Engineering (Non-Management) Course Requirements
Three courses from the Bioengineering, Mechanical Engineering, Materials Science, Electrical Engineering, or Computer Engineering core course lists (no more than 2 from any single discipline) and 1 (thesis) or 2 (non-thesis) courses from the advanced math list are required. Note that one of the three math courses marked with an asterisk (*) is required to be taken in the first year.  A minimum of six 4000-level courses of at least 3 QH each are required for non-thesis track; four 4000-level courses of at least 3 QH each are required for thesis track. No courses at the 1000 or 2000 level are acceptable.

Advanced Math Courses
ENGR     3610     Engineering Analysis
ENGR     3620     Advanced Engineering Mathematics
ENGR     4350     Reliability*
ENGR     4620     Optimization*
ENGR     4810     Numerical Methods*

Program Requirements for the MS ENGE (CM): Concentration in Engineering Management
The degree of Master of Science in Engineering allows students to pursue a concentration in engineering management. This is an engineering degree with both engineering and management focuses. The Concentration in Engineering Management is designed to meet the increasing needs of students to enhance their career opportunities as managers or as entrepreneurs by supplementing advanced engineering knowledge with a fundamental understanding of business principles within the context of technology enterprises. Drawing upon the strengths of both SECS and the Daniels College of Business, the program provides the relevant content for graduates to lead technology enterprises.

Engineering with Management Core Requirements
Two courses from the Bioengineering, Mechanical Engineering, Materials Science, Electrical Engineering, or Computer Engineering core course lists and 1 course from the advanced math list are required. Note that the math course is required to be taken in the first year.  A minimum of six 4000-level courses of at least 3 QH each are required for non-thesis track; four 4000-level courses of at least 3 QH each are required for thesis track. No courses at the 1000 or 2000 level are acceptable.

Engineering with Management Core Courses
ENGR    4810    Project Management
ENGR    4810    Operations Management
MGMT  4630     Strategic Human Resource Management
MGMT  4690     Strategic Management
MGMT  4290     Business Strategy
MGMT  4490     Global Strategy
MKTG   4610     Marketing Strategy
IMBA    4142     Global Management
BUS      4630     Creating Sustainable Enterprises

Advanced Math Courses
ENGR     4350     Reliability
ENGR     4620     Optimization
ENGR     4810     Numerical Methods

Master of Science in Materials Science
The Master of Science in Materials Science (MS MTSC) program is designed to prepare the student for research and development work in the materials field. The program is multidisciplinary and involves the departments of physics, chemistry and engineering, with MME as the administering department. The programs reflect the multidisciplinary nature by providing a thorough grounding in each of the basic disciplines of the field. Depth in specialized areas is achieved through the research interests of faculty in each of the participating departments.

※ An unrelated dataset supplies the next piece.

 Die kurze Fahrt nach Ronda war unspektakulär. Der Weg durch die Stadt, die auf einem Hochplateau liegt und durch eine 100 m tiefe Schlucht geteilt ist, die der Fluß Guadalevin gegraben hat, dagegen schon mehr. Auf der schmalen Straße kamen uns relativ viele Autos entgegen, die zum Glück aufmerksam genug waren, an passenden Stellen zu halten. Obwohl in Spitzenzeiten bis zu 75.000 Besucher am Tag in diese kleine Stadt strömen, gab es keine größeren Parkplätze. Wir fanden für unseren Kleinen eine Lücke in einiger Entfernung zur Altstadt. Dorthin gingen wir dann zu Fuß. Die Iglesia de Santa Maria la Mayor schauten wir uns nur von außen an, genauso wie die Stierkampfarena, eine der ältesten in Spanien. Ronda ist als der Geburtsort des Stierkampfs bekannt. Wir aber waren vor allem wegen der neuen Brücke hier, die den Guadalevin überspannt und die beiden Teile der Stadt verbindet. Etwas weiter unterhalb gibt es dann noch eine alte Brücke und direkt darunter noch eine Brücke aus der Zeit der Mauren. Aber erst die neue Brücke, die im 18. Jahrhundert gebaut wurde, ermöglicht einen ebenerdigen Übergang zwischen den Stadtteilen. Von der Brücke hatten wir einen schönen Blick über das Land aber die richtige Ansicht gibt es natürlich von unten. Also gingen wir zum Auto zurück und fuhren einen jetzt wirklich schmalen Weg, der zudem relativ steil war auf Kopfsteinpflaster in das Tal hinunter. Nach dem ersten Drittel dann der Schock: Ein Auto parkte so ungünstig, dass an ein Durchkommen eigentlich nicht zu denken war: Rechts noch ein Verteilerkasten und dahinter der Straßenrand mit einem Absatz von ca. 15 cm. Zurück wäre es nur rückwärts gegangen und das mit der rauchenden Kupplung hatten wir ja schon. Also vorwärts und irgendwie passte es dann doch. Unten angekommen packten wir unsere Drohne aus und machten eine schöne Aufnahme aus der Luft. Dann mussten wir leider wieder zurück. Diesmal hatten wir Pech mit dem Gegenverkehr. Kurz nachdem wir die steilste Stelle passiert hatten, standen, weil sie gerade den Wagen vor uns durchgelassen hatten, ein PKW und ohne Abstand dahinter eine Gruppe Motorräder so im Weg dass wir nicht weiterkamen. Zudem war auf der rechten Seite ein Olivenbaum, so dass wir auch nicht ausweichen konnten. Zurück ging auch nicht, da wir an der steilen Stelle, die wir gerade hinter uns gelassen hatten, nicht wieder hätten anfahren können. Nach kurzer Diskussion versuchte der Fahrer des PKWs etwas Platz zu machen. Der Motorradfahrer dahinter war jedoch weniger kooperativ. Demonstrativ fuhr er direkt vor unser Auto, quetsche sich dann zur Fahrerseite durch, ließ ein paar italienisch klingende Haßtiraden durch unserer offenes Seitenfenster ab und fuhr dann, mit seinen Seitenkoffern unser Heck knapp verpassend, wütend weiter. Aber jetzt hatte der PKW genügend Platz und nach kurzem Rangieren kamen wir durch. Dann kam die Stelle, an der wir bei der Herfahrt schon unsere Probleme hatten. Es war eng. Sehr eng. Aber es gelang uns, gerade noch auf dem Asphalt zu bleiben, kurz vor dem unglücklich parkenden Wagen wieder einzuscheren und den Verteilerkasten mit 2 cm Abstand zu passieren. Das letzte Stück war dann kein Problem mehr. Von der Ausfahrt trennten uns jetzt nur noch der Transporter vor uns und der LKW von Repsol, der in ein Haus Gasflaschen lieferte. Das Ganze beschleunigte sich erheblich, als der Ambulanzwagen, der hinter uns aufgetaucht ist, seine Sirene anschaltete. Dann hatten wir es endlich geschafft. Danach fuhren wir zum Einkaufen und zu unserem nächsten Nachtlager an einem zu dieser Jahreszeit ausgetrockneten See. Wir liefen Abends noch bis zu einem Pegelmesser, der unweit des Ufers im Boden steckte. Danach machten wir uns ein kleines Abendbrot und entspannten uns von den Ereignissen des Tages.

With an increasing number of technological fields becoming materials-limited in various ways, the program seeks to prepare students to meet the challenges of property improvement and new materials development, with a broad-based curriculum that stresses fundamentals. This program offers thesis and non-thesis options.

Admission to the Programs
A bachelor's degree in materials science or closely related field (physics, metallurgy, engineering, chemistry is usually required for admission. A Master's degree in materials science or closely related field can also enroll in the materials science PhD program. If the student did not receive adequate preparation for studying materials, they may need to take several prerequisite courses in materials science.

Course Requirements
Three courses from the core course list and 1 (thesis) or 2 (non-thesis) courses from the advanced math list are required. Note that one of the three math courses marked with an asterisk (*) is required to be taken in the first year.  A minimum of six 4000-level courses of at least 3 QH each are required for non-thesis track; four 4000-level courses of at least 3 QH each are required for thesis track. No courses at the 1000 or 2000 level are acceptable.

Core Courses
MTSC     4010     Mechanical Behavior of Materials
MTSC     4020     Composite Materials I
MTSC     4215     Composite Materials II
MTSC     4450     Fracture Mechanics
ENME     4400     Fatigue
ENME     4800     Advanced Mechanics of Materials

Advanced Math Courses
ENGR     3610     Engineering Analysis
ENGR     3620     Advanced Engineering Mathematics
ENGR     4350     Reliability*
ENGR     4620     Optimization*
ENGR     4810     Numerical Methods*

Master of Science in Nanoscale Science and Engineering
This program shares faculty and other resources with existing graduate programs in NSM and SECS. In order to make it easier for students to migrate between different programs, the program is structured similarly to other existing graduate programs in NSM and SECS. All NSM and SECS graduate programs focus on the research component. Therefore, course work credit is supplemented by the significant amount of credit earned from independent study/independent research courses taken in order to satisfy minimum credit requirements to earn a degree.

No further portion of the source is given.